EIA 1956 test chart. Crop of upper-right.
If you are starting an image quality/resolution testing program and need to measure wedges, we strongly recommend the eSFR ISO charts and module, which offer automated region selection, can map resolution (MTF) over the image surface, and measure several image quality factors from a single image.
Wedge measurements with the old ISO 12233:2000 chart requires special care in region selection (described below). To get reliable MTF measurements, at least two regions must be selected (though one is sufficient for onset of aliasing). This chart has too few wedges for a good map of the response over the image surface.

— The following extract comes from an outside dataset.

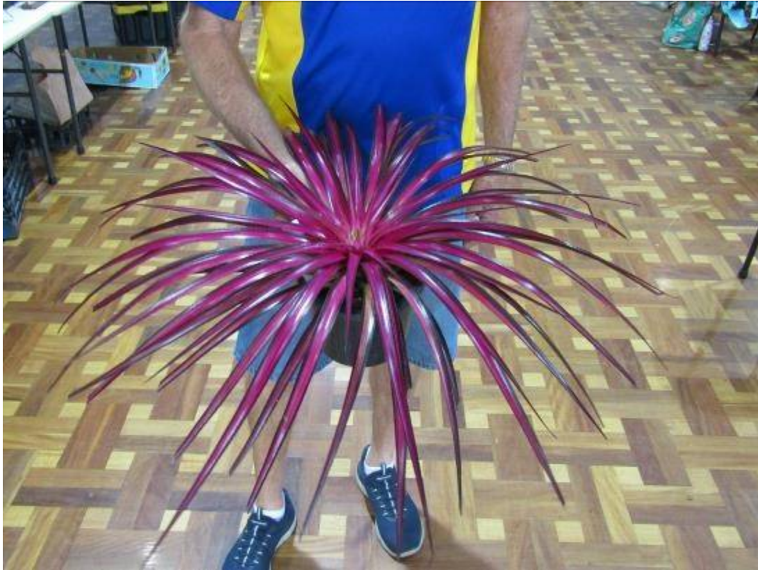
Stan Walkley 1st - 16 Votes Sincoregelia Estacy

Wedge measurements have a few unique attributes:
- Wedges can be used to measure color moiré fringing that results from aliasing. This cannot be done with slanted-edge measurements, though it can be measured (using a different algorithm that produces slightly different results) with the Log Frequency module.
- The onset of aliasing (the spatial frequency where the number of detected bars drops below the total number of bars in the chart) is relatively independent of signal processing (sharpening, noise reduction, etc.), making it potentially useful for comparing cameras with different signal processing. This frequency is called the “vanishing resolution” in the CIPA standard.
Select the test chart. The ISO 12233:2000 resolution test chart and its variants are by far the best-know charts with wedge patterns, but is no longer an official part of the ISO standard. The wedges in the Imatest Enhanced and Extended eSFR ISO charts (based on ISO 12233:2014) are much more convenient to work with because the wedges can be automatically detected and analyzed with the eSFR ISO module.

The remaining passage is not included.